- Died: 3 July 1972 Mogadishu, Somalia
- Allegiance: Somalia
- Branch: Somali National Army
- Rank: Colonel
- Conflicts: Arab Cold War 1969 Somali coup d'état; ;

= Abdulkadir Dheel =

Abdulkadir Dheel (Cabdulqaadir Dheel, عبد القادر ديل) (d. 3 July 1972) was a prominent Somali military figure.

==Career==
A Colonel in the Somali National Army (SNA), Abdulkadir Dheel was among the military officials that were executed by the government on suspicion of involvement in a coup d'état in 1971. Dheel left the army after disagreements with Siad Barre.

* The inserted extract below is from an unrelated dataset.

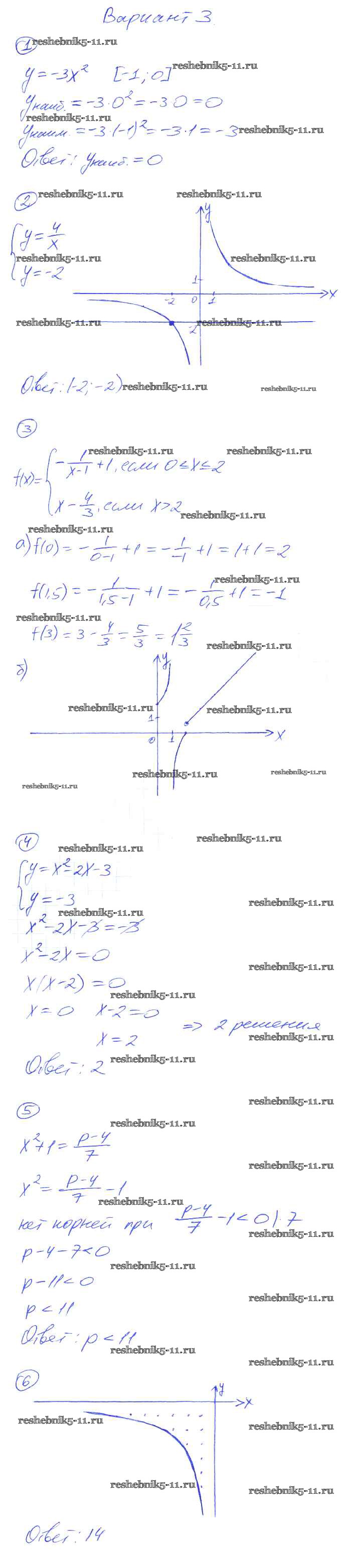 Готовая домашняя работа с ответами по Алгебре за 8 класс Попов Дидактические материалы УМК Экзамен 2014 ФГОС - КР-3. Квадратичная функция. Функция y = k:x вариант-3
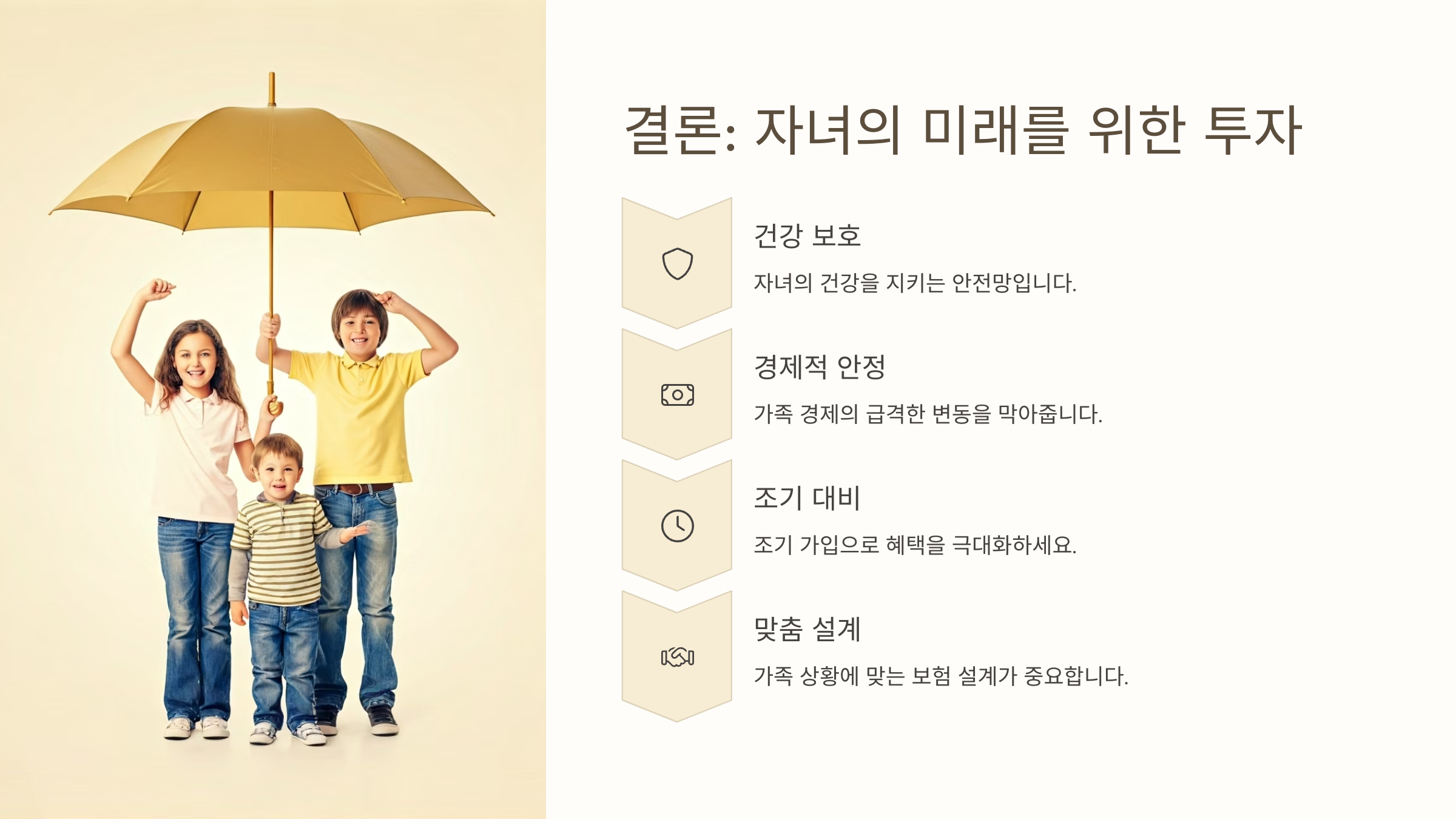 특히 한국에서는 국가 건강보험이 있긴 하지만 실손의료보험으로도 커버가 안 되는 고액 치료 항목들이 많아요. 이런 부분을 대비하려면 자녀 보험은 반드시 필요하다고 할 수 있어요. 자녀가 어릴 때일수록 보험료가 저렴하고, 건강 상태도 좋아 인수 거절될 가능성도 적답니다.

In May 1971, Radio Mogadishu announced a plot to overthrow the Siad Barre regime and the subsequent arrest of Deputy Chairman of the Supreme Revolutionary Council General Mohamed Caynaanshe and Defence Minister Lieutenant Colonel Salaad Gebeyre Kediye. Dheel was later arrested and implicated in the coup attempt.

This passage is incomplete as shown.